Она выговорила это вместо того, что хотела; смогла сказать это мужу, отцу детей, которые любили этого кота.
Телефон снова зазвонил, когда они ужинали: Моника приготовила довольно удачную запеканку. Нашла новый рецепт в журнале, там велели добавить курагу. Ей обычно не нравилось сладкое в пряных блюдах, но тут получилось очень даже неплохо.
Питер подошел к телефону. Она плеснула себе еще немножко вина, красная жидкость гортанно булькнула, выливаясь из бутылки. Оторвала хлебную корочку и откусила мякиш. Она чувствовала себя вымотанной, дрожащей, как бывает после приступа рыданий. Как лондонская улица после уборщиков: темная, мокрая, очистившаяся.
Питер внезапно вернулся в комнату и встал за ее стулом. Она обернулась и посмотрела на него снизу вверх.
– Моника… – начал он, положив ей руку на плечо.
Ей не понравился этот голос, не понравилось серьезное лицо Питера.
– Что? – спросила она, вздрогнув от его прикосновения. – Что такое?
– Твой брат звонит.
Она продолжала смотреть на мужа.
– Что случилось?
– Ты с ним лучше поговори.
Моника посидела еще мгновение, потом сорвалась с места. На середине комнаты она вдруг поняла, что пол под ее туфлями пошел рябью и волнами и что сама она сейчас упадет. Она внезапно осознала, почему день был таким странным, почему она все время была на грани слез, почему воздух вокруг нее казался гнетущим и истертым. Она знала. Знала, что сейчас скажет Майкл Фрэнсис. Знала, что это, но не хотела слышать. Что-то случилось с Ифой. Автомобильная авария, утопление, передозировка, убийство, ужасная болезнь. Ее брат звонил, чтобы сказать, что их сестра умерла.

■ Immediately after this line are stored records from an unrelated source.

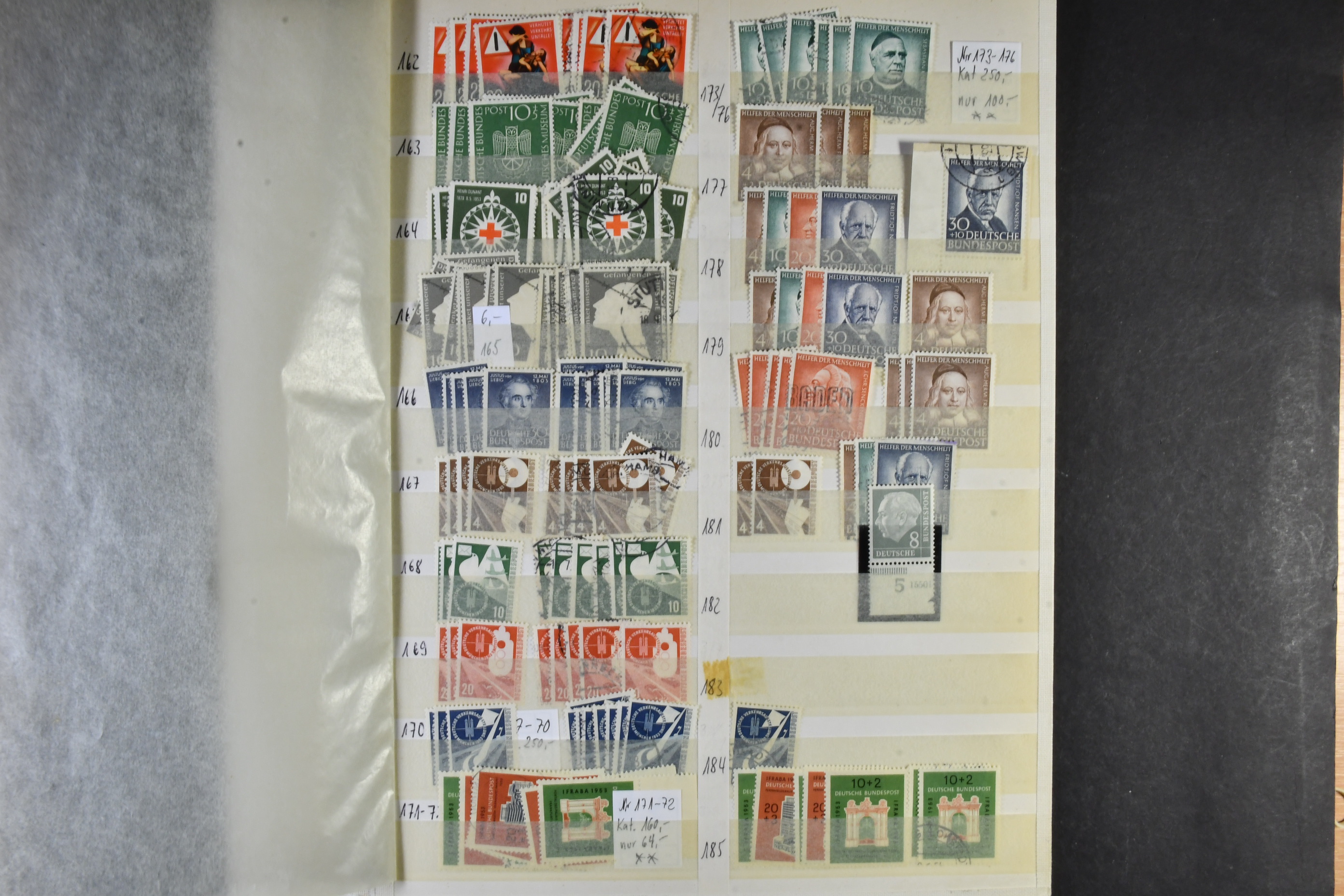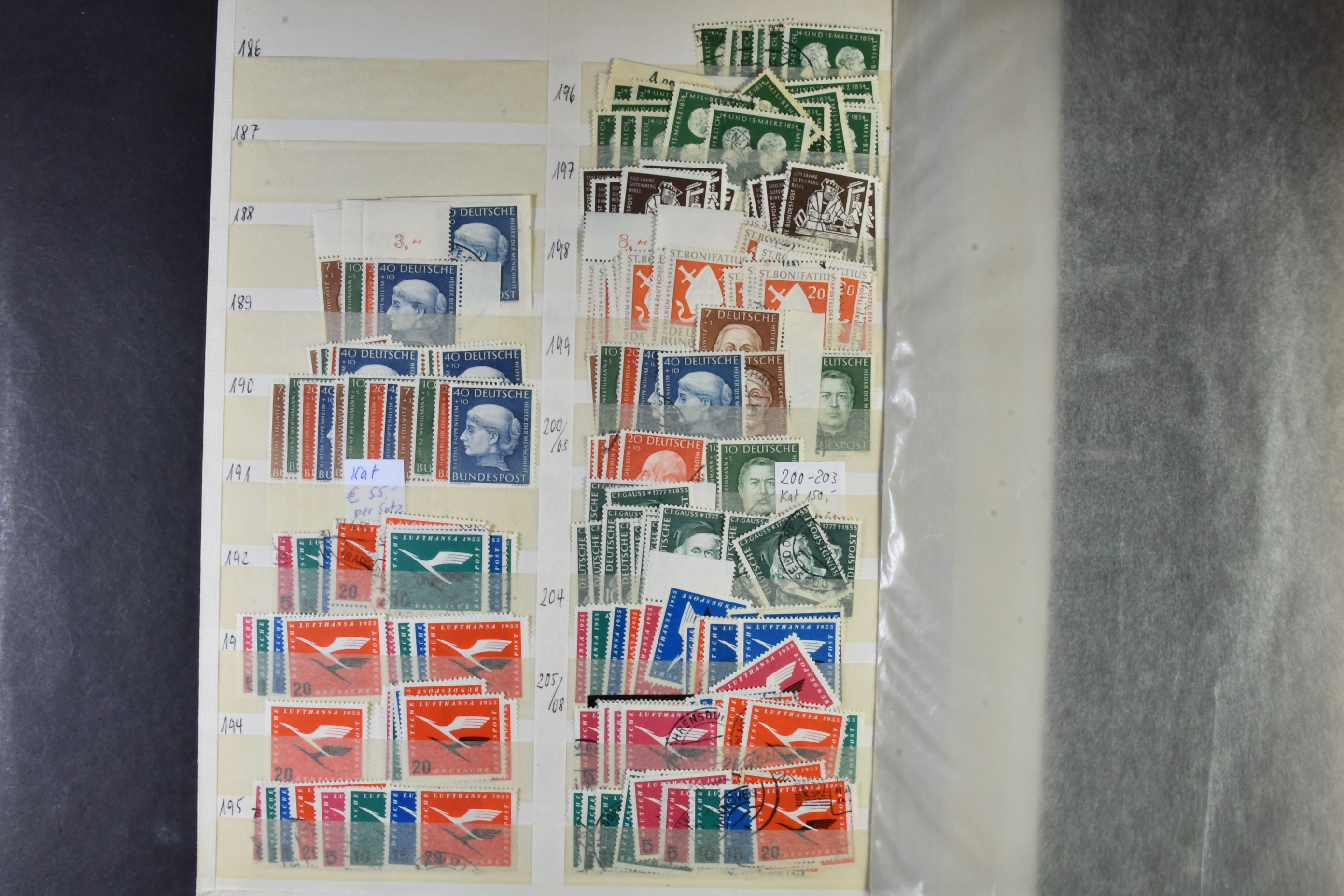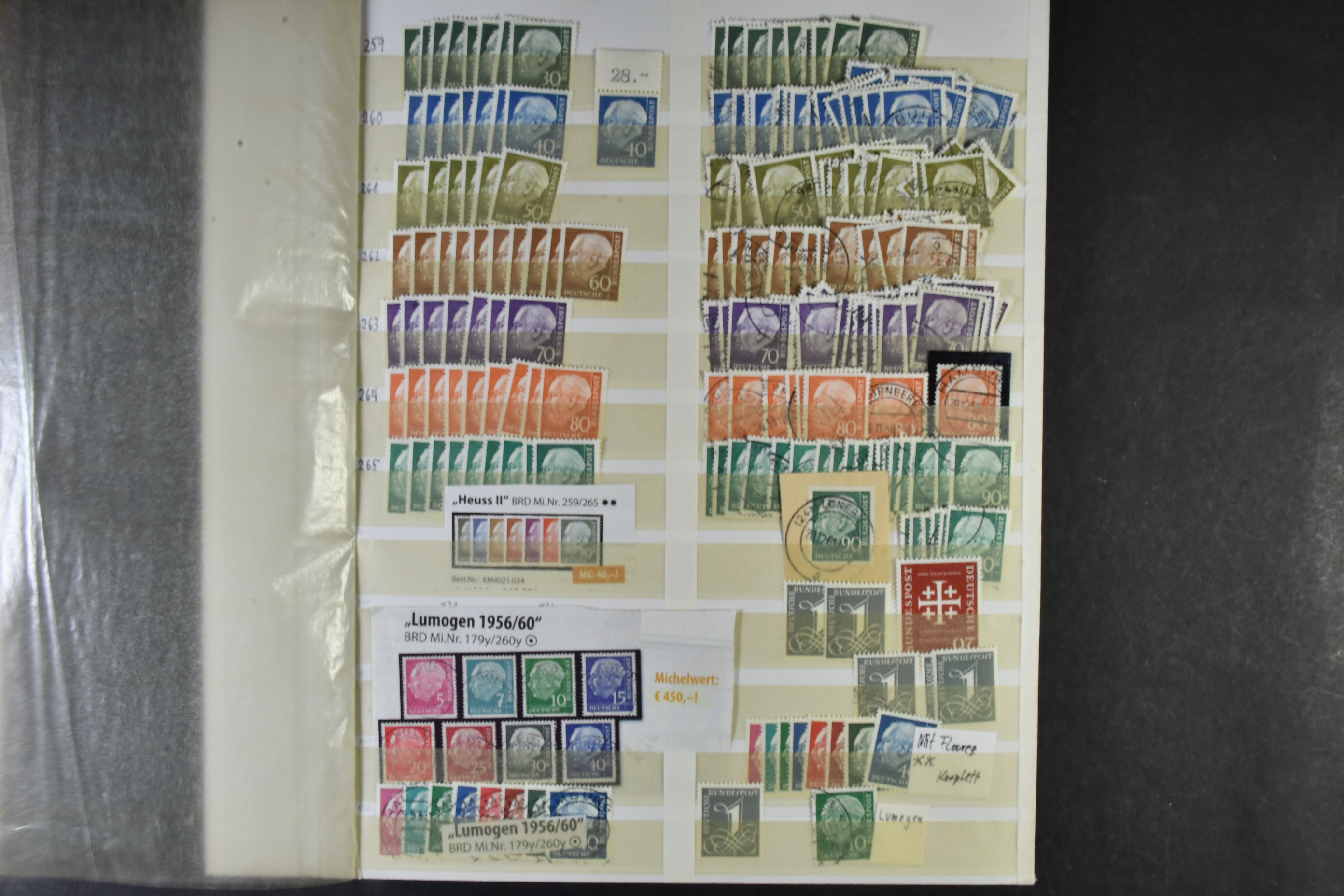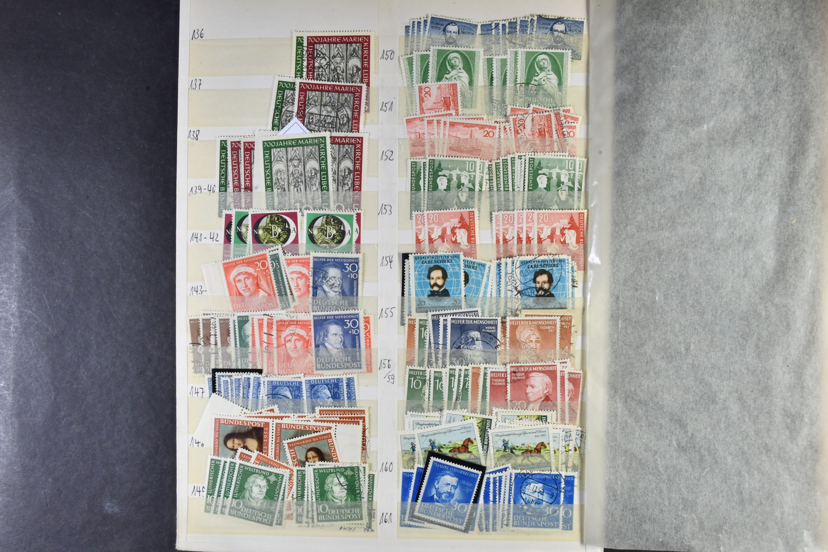 Germany, GFR (BRD). Accumulation ★★/★/⊙ 1949–ca1960 on leaves. The first years of GFR well filled with both mint (mostly **) and used stamps with many better stamps and sets in numbers. Please see a selection of scans at www.philea.se. Good quality. (1000s)
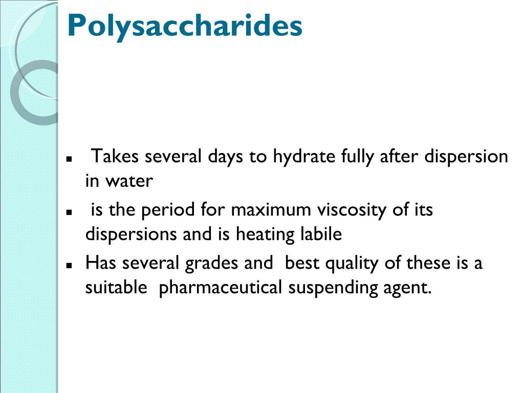 Polysaccharides Takes several days to hydrate fully after dispersion in water is the period for maximum viscosity of its dispersions and is heating labile Has several grades and best quality of these is a suitable pharmaceutical suspending agent.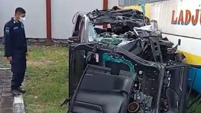 Bagian depan mobil hingga kaca depannya hancur. Kerusakan juga terjadi di atap (moon roof dan sun roof) mobil dari depan hingga mengarah ke sisi tengah dan kiri.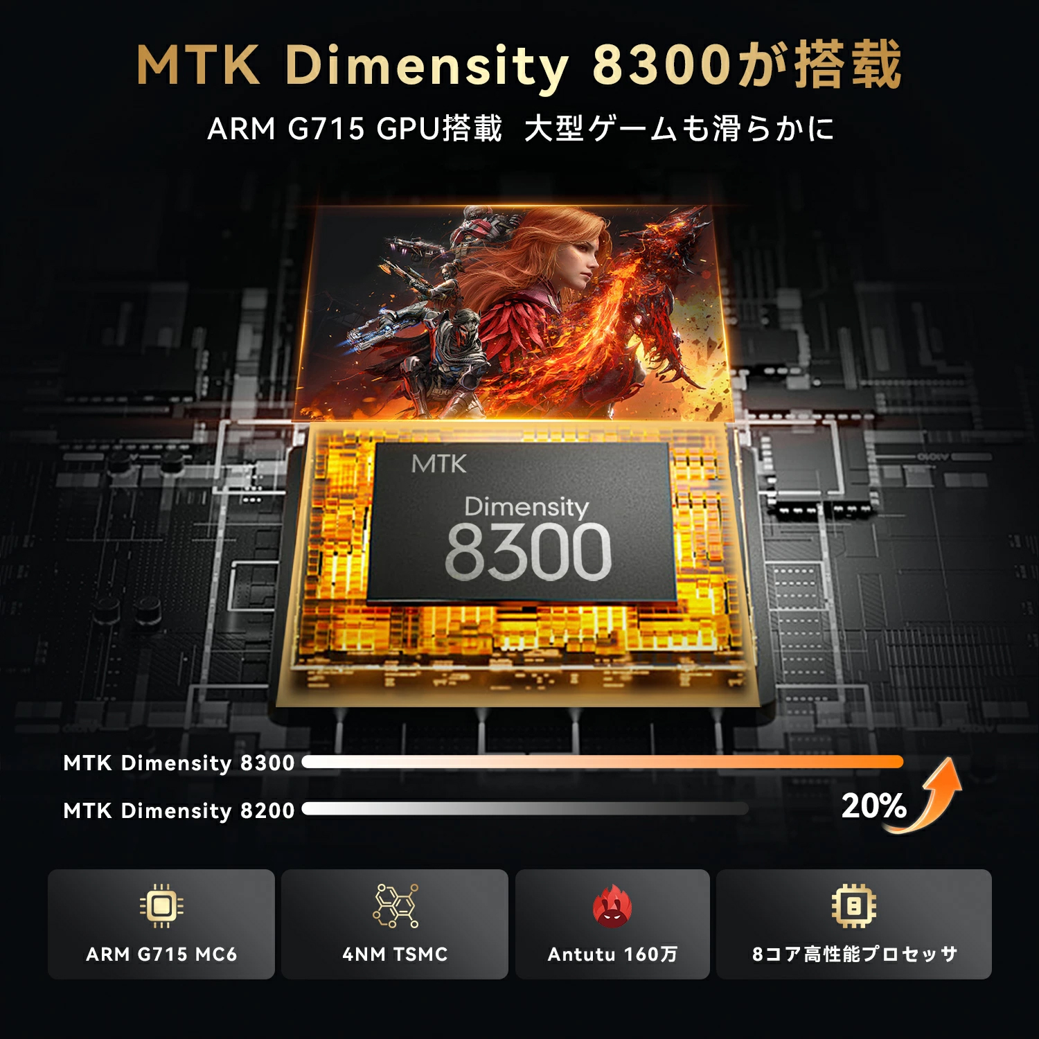 心臓部となるDimensity 8300は4nmプロセスの高性能チップで、処理速度と省電力性のバランスが優秀です。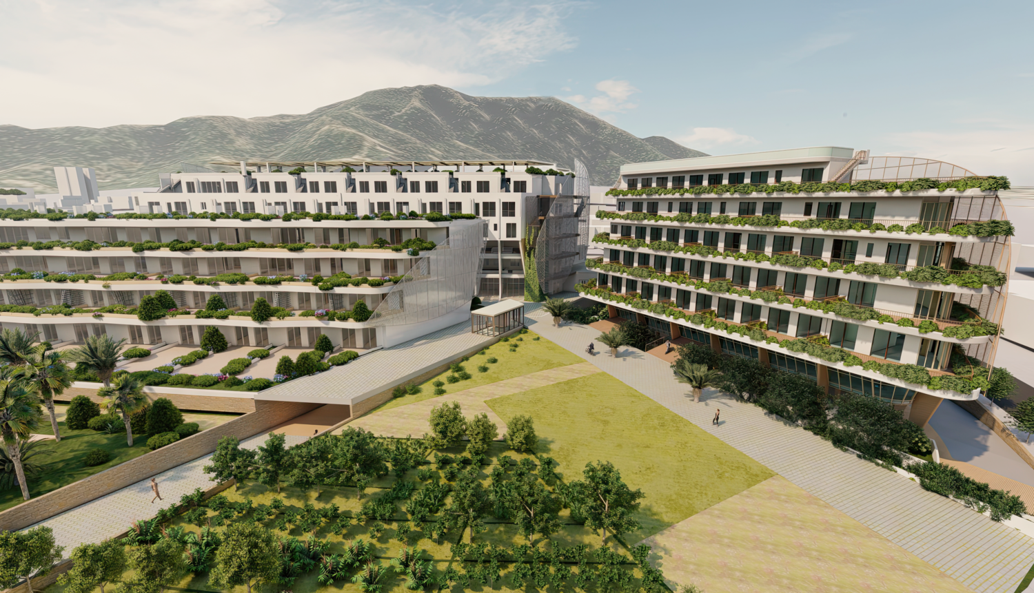 Albir is the perfect destination for nature lovers. Both the beach and the bays with crystal clear water, the nearby Sierra Helada natural park, the many different sports activities, it is truly a privilege to live here. The apartment complex, located in the heart of Albir, 200 meters from the entrance to the natural park, is fully enclosed and secured. With its 17,680 m2 of gardens, spacious terraces laid out on different levels with 9,800 m2 of planters and breathtaking views of the sea and nature, this location is very unique. A lot of attention has also been paid to the facilities within the urbanization, such as the various swimming pools, 1 with a pool bar, heated indoor swimming pool of 10 x 4.5 meters, fitness room, sauna, yoga studio, tennis, padel, cinema, a playroom for the children and a co-working space with all amenities.

Она не могла заставить ноги двигаться; не могла дойти до двери. Хотелось остаться здесь, возле вина и запеканки. Не хотелось этого слышать.
У нее новенькая сестричка, сказала медсестра, стоя рядом с Моникой у окна детского отделения, где младенцы были выложены, как булки в пекарне. Маленькая девочка. Сложно было понять, потому что ее завернули в столько одеял, пеленок и тряпочек. У нее было красное личико и крошечные кулачки, крепко стиснутые. Ее звали Ифой. Ифа Магдалена Риордан. Длинное имя для такой малышки.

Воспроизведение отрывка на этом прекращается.